Amazon Interview Question
Software Engineer in TestsTeam: Kindle
Country: United States
Interview Type: Phone Interview
Very nice. You don't really need R==null in the last if. You also can change R==null to !R and R!=null to just R, etc., because null evaluates to false.
It doesn't work if just one of the nodes is not in the tree. In that case it returns the node that is in the tree. But I think the original question allows the assumption that they are in the tree.
Simple but not elegant..
What if one of the input nodes is a child of another?
For example Say node *a is same as head and node *b exists somewhere in the left or right branches;
In that case "head == a" and so it will return the head as the LCA, which is correct.
The code is indeed quite clean, but can be a little confusing too because the method the intent of this recursive method is different between the main call and the recursive ones. The main call finds the LCA while the recursive one just finds whatever node is equal to "a" or "b". But no big deal.
Very simple solutiion ^^
int find_node2( Node *node, int value1, int value2 ) {
int ret = 0;
if( node->data == value1 || node->data == value2 ) {
ret++;
}
if( node->left ) {
ret += find_node2( node->left, value1, value2 );
}
if( node->right ) {
ret += find_node2( node->right, value1, value2 );
}
if( ret == 2 ){
printf("this node is common parent: %d(%d,%d)\n",
node->data, value1, value2);
}
return ret > 0 ? 1 : 0;
}
+1 Nice. Very minimal solution. This assumes data is an identifier, which I wasn't assuming, but should have. I like the return counter... slick!
Have you read the original question ? You have to find (and presumably return it) the LCA node, while your code just returns integers.
@ashot madatyan, yes it just returns integer, if it finds valid node, it is easy to return the node itself.

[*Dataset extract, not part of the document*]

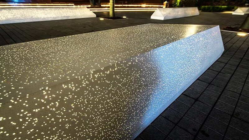 休憩广场上布置了泛星光灯的坐凳。坐凳由中空整体浇筑的透光混凝土石条打造,这是透光混凝土在重庆的首次运用。苍穹繁星点点,迷雾透光灼灼,是星空穿透了迷雾, 还是在迷雾中拾起了散落的星斑?

1. let A and B are the nodes
2. traverse from A to the root node using the parent link and hash each traversed node
3. traverse from B to the root node using the parent link and same time check in the hash table
4. if a node found in the hash table, that is the least commmon Ancestor
Here complexity is: T -> O(n) & S -> O(n) since it a binary tree.
strucy Node *tmp=root;
while(tmp!=NULL)
{
if(tmp->data > fisrtNode->data && tmp->data > secondNode->data)
tmp=tmp->leftChild;
else if(tmp->data < firstNode->data && tmp->data < secondNode->data)
tmp=tmp->rightChild;
else
{
if(firstNode->parent == secondNode)
return secondNode->parent;
else if(secondNode->parent == firstNode)
return firstNode->parent;
else
return tmp;
}
}
A slight variation I was given stated that the desired nodes might not be in the Binary Search Tree, and that duplicates values in the BST are allowed, and will be put on the left.
Let Node A and B the nodes in question.
1. Search for a Node A in the binary tree. Record a path to A as you search it.
2. Repeat above for Node B.
3. At this point you have a path from root to A and a path from root to B.
4. Search through these paths and find the least common nodes that appear in the paths.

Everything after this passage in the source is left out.